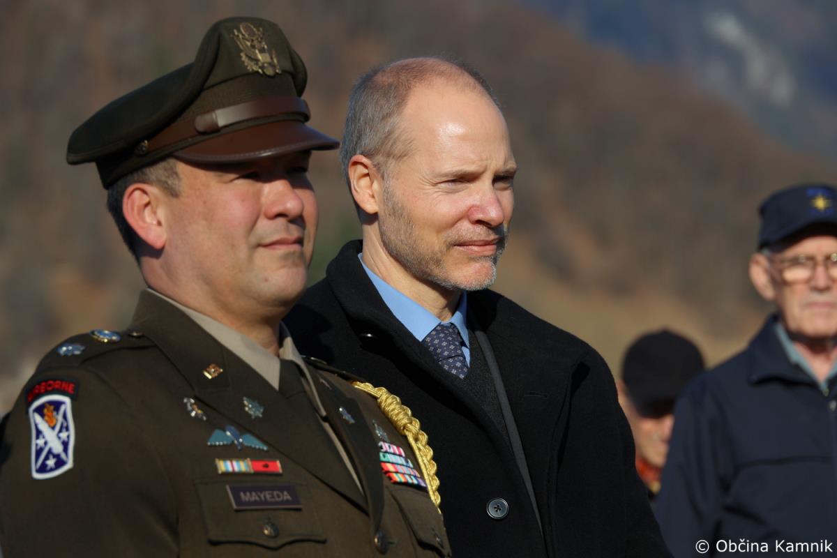Včeraj, v sredo, 27. decembra 2023, je Združenje borcev za vrednote NOB Kamnik in Tuhinj pripravilo spominsko slovesnost pri spomeniku 192 padlim borcem v Zgornjem Tuhinju, med katerimi sta bila tudi vodja ameriške vojne misije kapetan Charles Fisher in dr. Peter Držaj, ki sta 26. decembra leta 1944 padla v vasi Češnjice. Dogodka se je v imenu Občine Kamnik udeležila podžupanja Romana Učakar skupaj s slavnostnim govornikom, ministrom za obrambo Republike Slovenije Marjanom Šarcem, predsednikom Združenje borcev za vrednote NOB Kamnik Igorjem Kanižarjem ter predstavnikoma Veleposlaništva Združenih držav Amerike Gregoryem Meierjem ter Danielom Mayedom. Zbranim so se pridružili še ostali predsedniki in predstavniki veteranskih in domoljubnih organizacij Občine Kamnik.
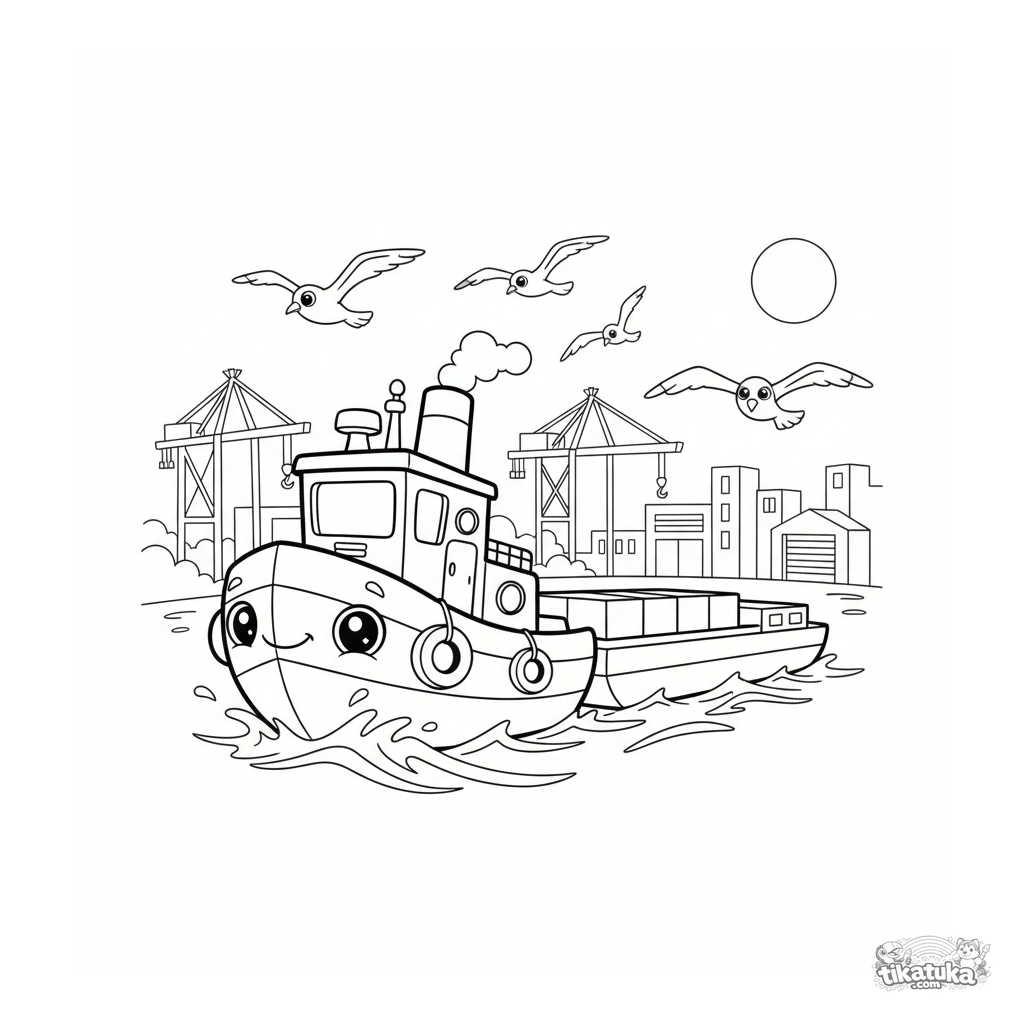 Раскраска для детей 7-9 лет: весёлый буксир толкает грузовую баржу в оживлённом солнечном порту. Динамичная сцена с чайками и кранами.
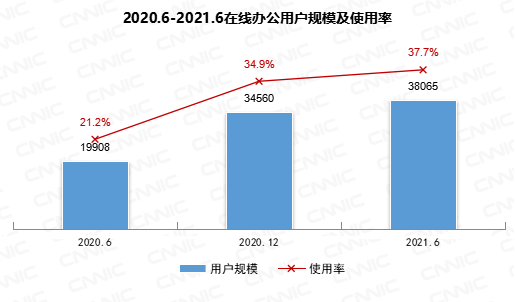 截至2021年6月,我國在線辦公用戶規(guī)模達(dá)3.81億,較2020年12月增長3506萬,占網(wǎng)民整體的37.7%。
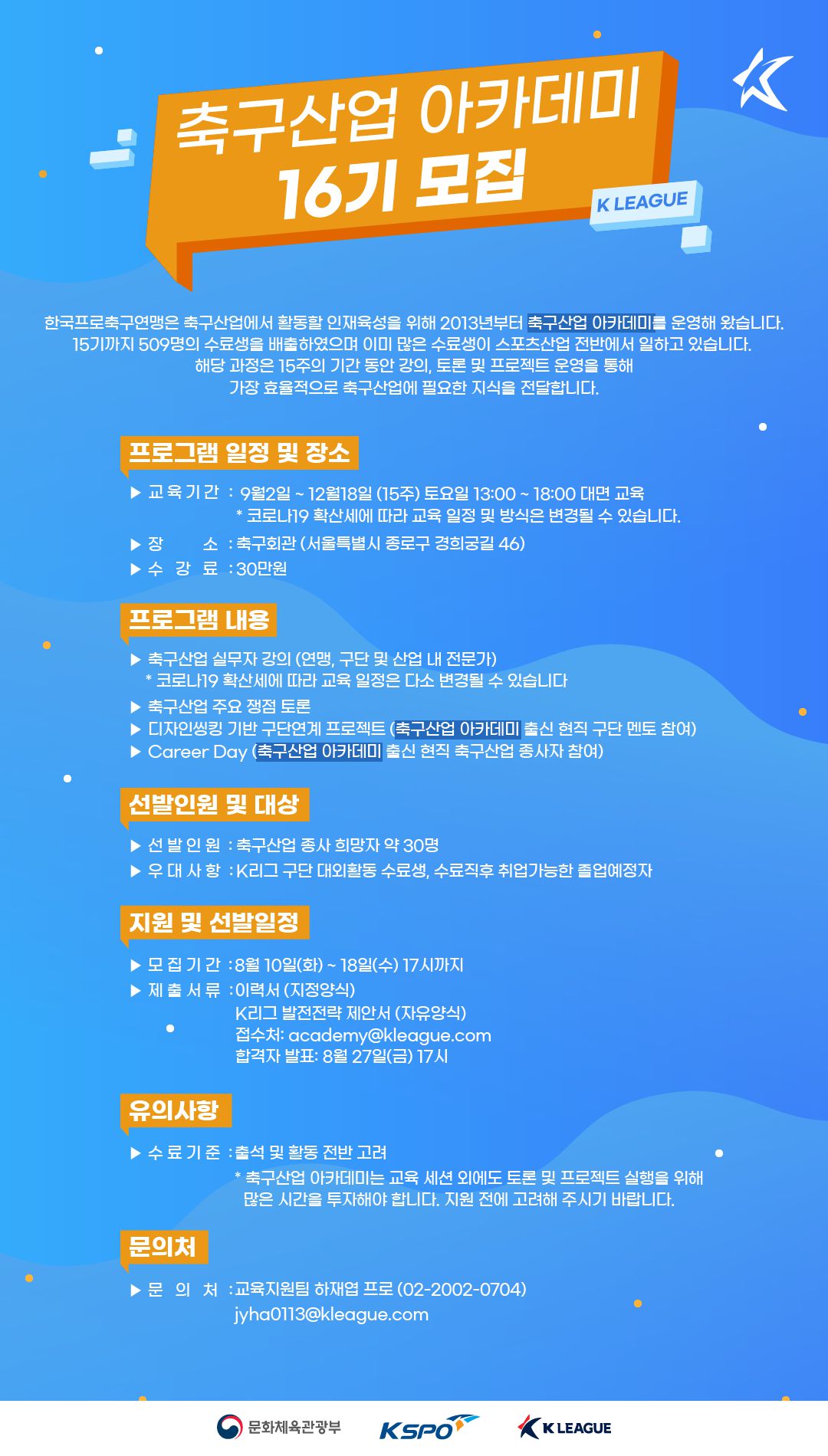 □ 문의: 교육지원팀 하재엽 프로 (jyha0113@kleague.com / 02-2002-0704)
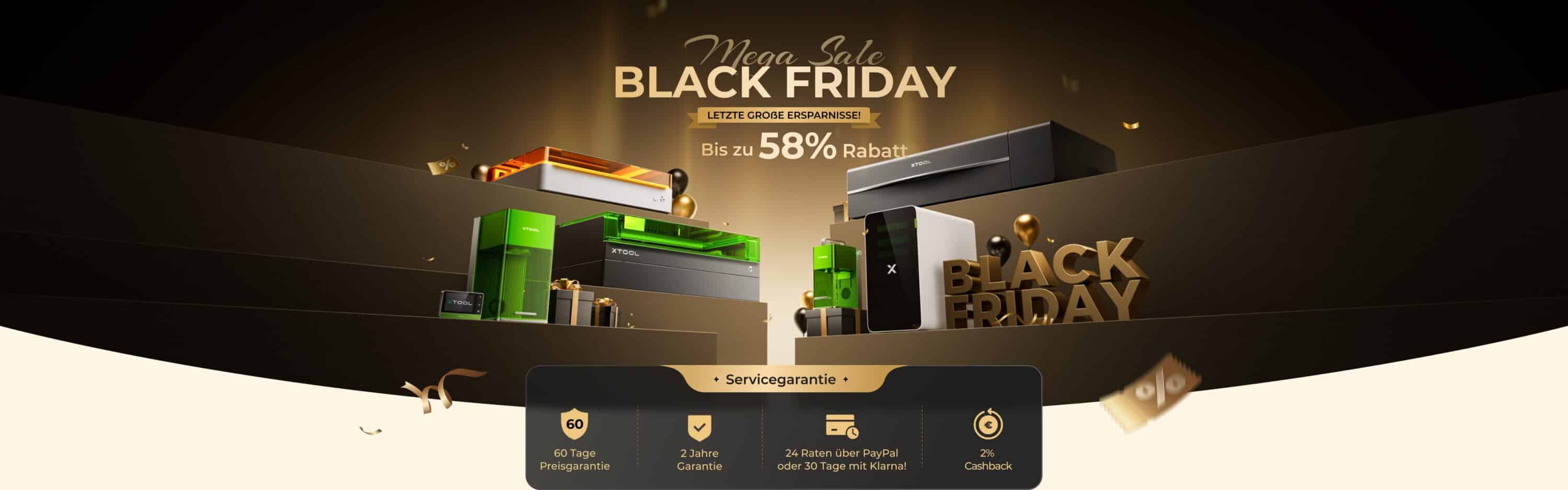 It’s Black Friday again and bargain hunters are jumping for joy. And quite rightly so. After all, you can save big again this year. xTool, the expert for state-of-the-art and user-friendly laser engraving machines, is also taking part. You can save up to 58% on the manufacturer’s machines during the Black Friday Mega Sale until November 29, 2024. Let’s move on to Cyber Monday. Here you can save again between November 30 and December 6, 2024. Here are the highlights for you.
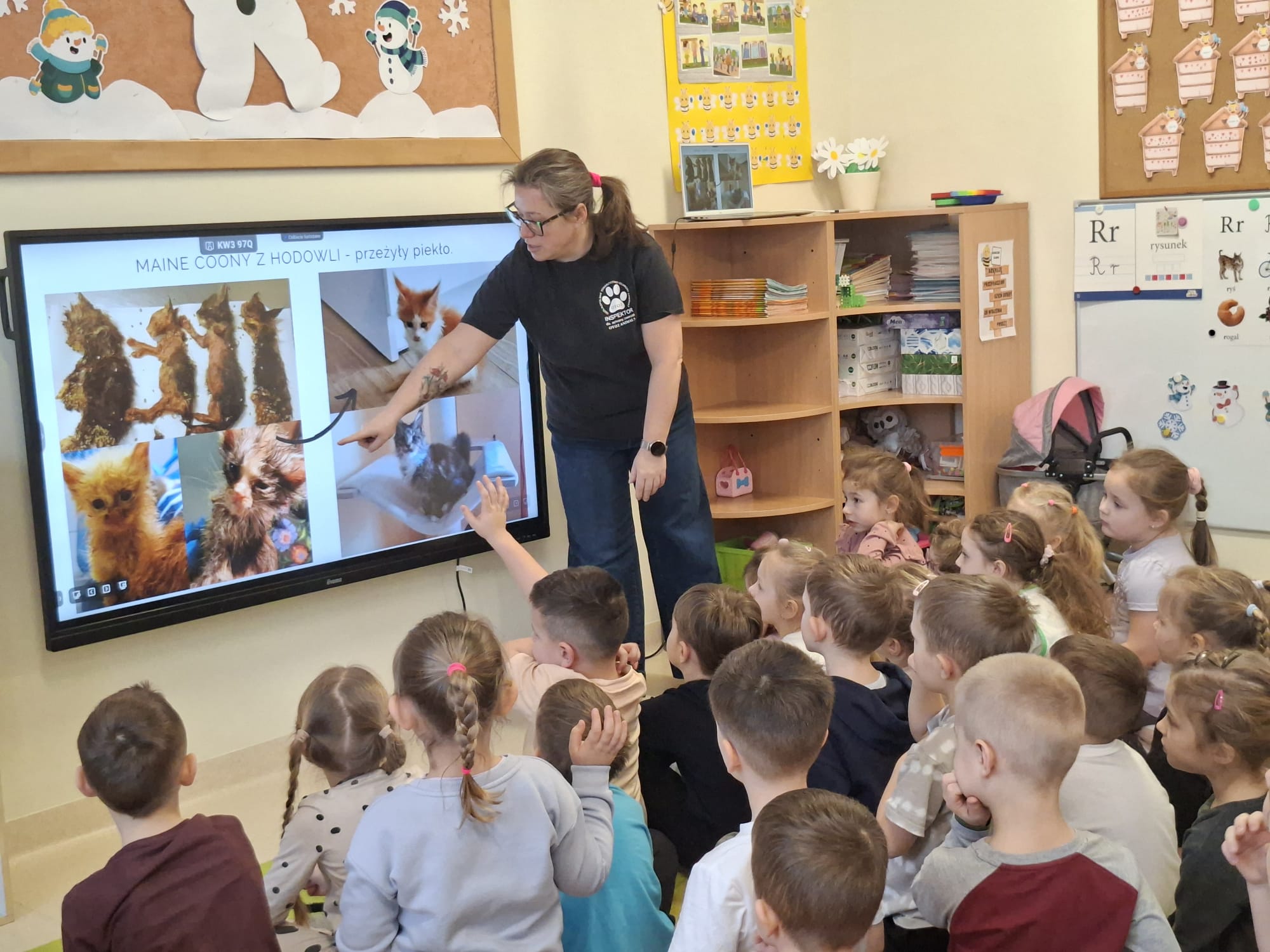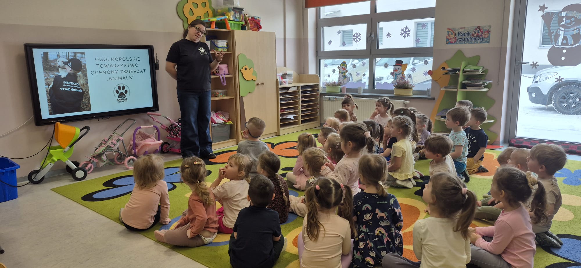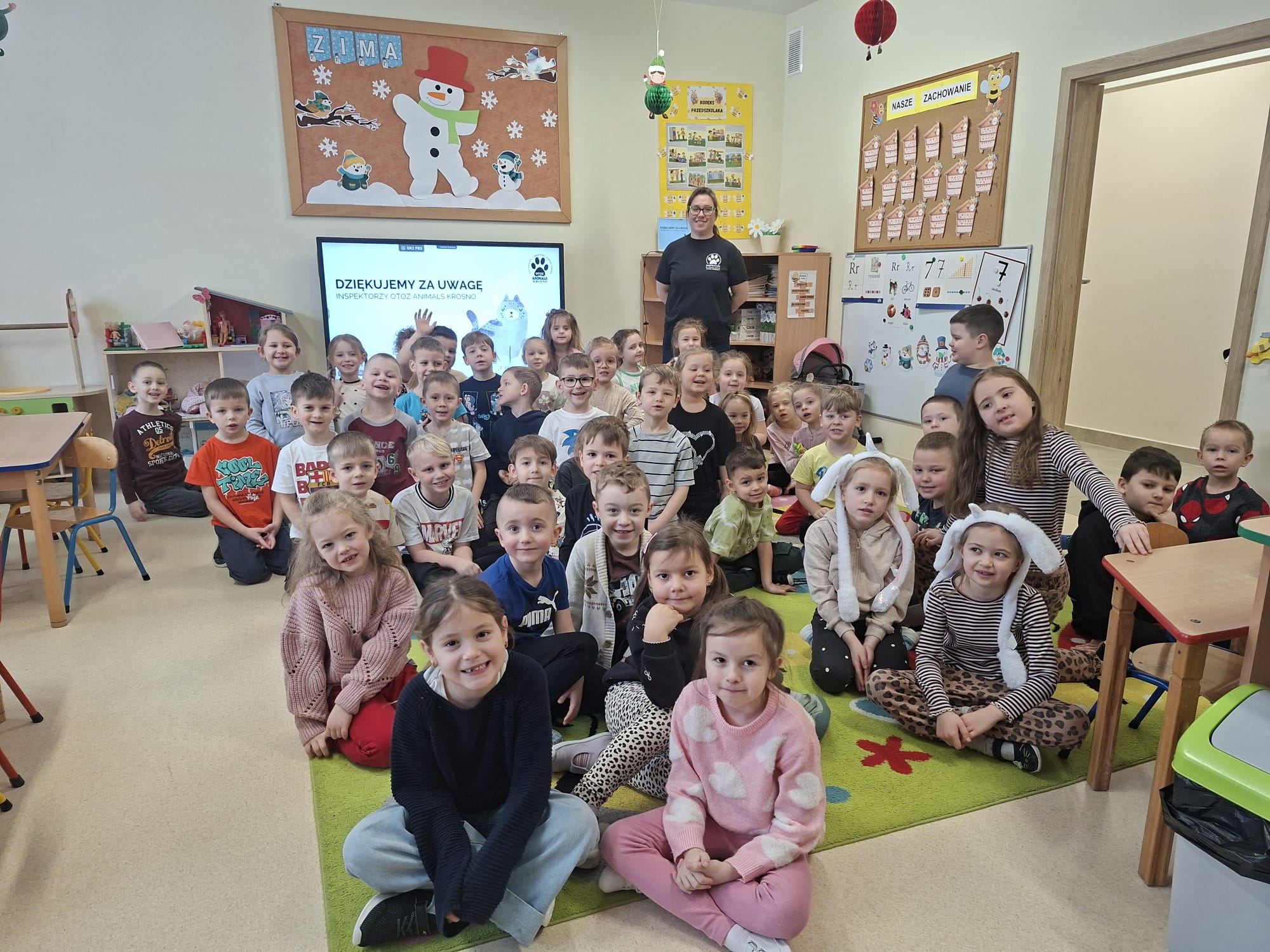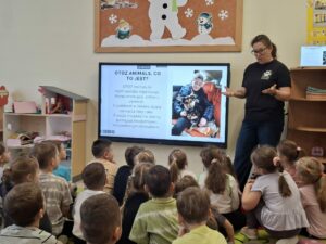 Podczas ferii zimowych nasze przedszkole odwiedziła nas Pani Kasia- wolontariuszka z organizacji OTOZ Animals Krosno. Spotkanie było dla dzieci cenną lekcją wrażliwości, odpowiedzialności i troski o zwierzęta. Przedszkolaki z dużym zainteresowaniem słuchały opowieści o pracy na rzecz bezdomnych i potrzebujących zwierząt oraz o tym, jak każdy z nas może im pomagać na co dzień. Serdecznie dziękujemy pani Kasi za ciekawą prelekcję oraz Rodzicom i ich Dzieciom za ogromne zaangażowanie i dobrowolne przynoszenie karmy dla zwierząt. Dzięki Państwa wsparciu udało się zebrać wiele darów, które trafią do podopiecznych organizacji. Państwa otwartość i chęć niesienia pomocy są pięknym przykładem dla najmłodszych.
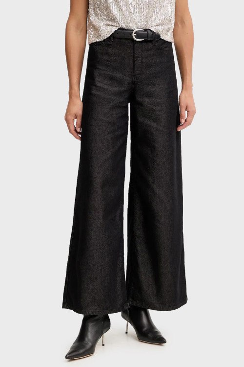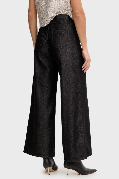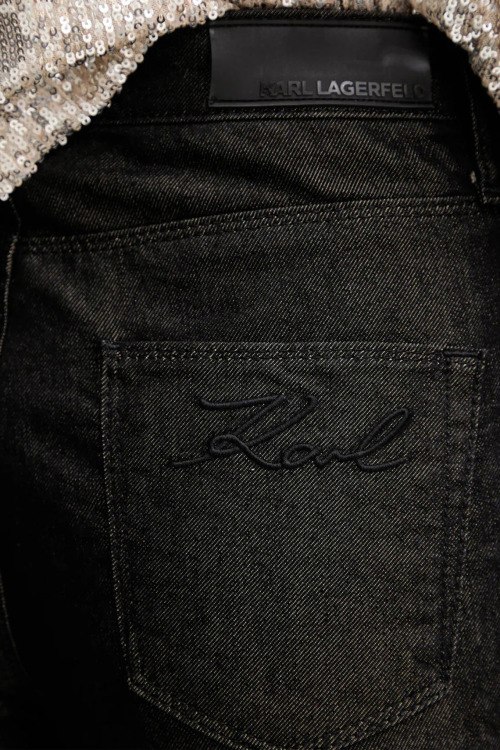 Детали: Женские черные широкие джинсы от Karl Lagerfeld (Карл Лагерфельд). Пяти-карманная модель, пояс с петлями для ремня, нашивка с логотипом сзади на поясе, вышитый логотип на заднем кармане, широкий крой, укороченная длина
-*-
=== What the task requires ===
Please retype the records above exactly, excluding every picture.

=== The completed task ===
Včeraj, v sredo, 27. decembra 2023, je Združenje borcev za vrednote NOB Kamnik in Tuhinj pripravilo spominsko slovesnost pri spomeniku 192 padlim borcem v Zgornjem Tuhinju, med katerimi sta bila tudi vodja ameriške vojne misije kapetan Charles Fisher in dr. Peter Držaj, ki sta 26. decembra leta 1944 padla v vasi Češnjice. Dogodka se je v imenu Občine Kamnik udeležila podžupanja Romana Učakar skupaj s slavnostnim govornikom, ministrom za obrambo Republike Slovenije Marjanom Šarcem, predsednikom Združenje borcev za vrednote NOB Kamnik Igorjem Kanižarjem ter predstavnikoma Veleposlaništva Združenih držav Amerike Gregoryem Meierjem ter Danielom Mayedom. Zbranim so se pridružili še ostali predsedniki in predstavniki veteranskih in domoljubnih organizacij Občine Kamnik.
 Раскраска для детей 7-9 лет: весёлый буксир толкает грузовую баржу в оживлённом солнечном порту. Динамичная сцена с чайками и кранами.
 截至2021年6月,我國在線辦公用戶規(guī)模達(dá)3.81億,較2020年12月增長3506萬,占網(wǎng)民整體的37.7%。
 □ 문의: 교육지원팀 하재엽 프로 (jyha0113@kleague.com / 02-2002-0704)
 It’s Black Friday again and bargain hunters are jumping for joy. And quite rightly so. After all, you can save big again this year. xTool, the expert for state-of-the-art and user-friendly laser engraving machines, is also taking part. You can save up to 58% on the manufacturer’s machines during the Black Friday Mega Sale until November 29, 2024. Let’s move on to Cyber Monday. Here you can save again between November 30 and December 6, 2024. Here are the highlights for you.
 Podczas ferii zimowych nasze przedszkole odwiedziła nas Pani Kasia- wolontariuszka z organizacji OTOZ Animals Krosno. Spotkanie było dla dzieci cenną lekcją wrażliwości, odpowiedzialności i troski o zwierzęta. Przedszkolaki z dużym zainteresowaniem słuchały opowieści o pracy na rzecz bezdomnych i potrzebujących zwierząt oraz o tym, jak każdy z nas może im pomagać na co dzień. Serdecznie dziękujemy pani Kasi za ciekawą prelekcję oraz Rodzicom i ich Dzieciom za ogromne zaangażowanie i dobrowolne przynoszenie karmy dla zwierząt. Dzięki Państwa wsparciu udało się zebrać wiele darów, które trafią do podopiecznych organizacji. Państwa otwartość i chęć niesienia pomocy są pięknym przykładem dla najmłodszych.
 Детали: Женские черные широкие джинсы от Karl Lagerfeld (Карл Лагерфельд). Пяти-карманная модель, пояс с петлями для ремня, нашивка с логотипом сзади на поясе, вышитый логотип на заднем кармане, широкий крой, укороченная длина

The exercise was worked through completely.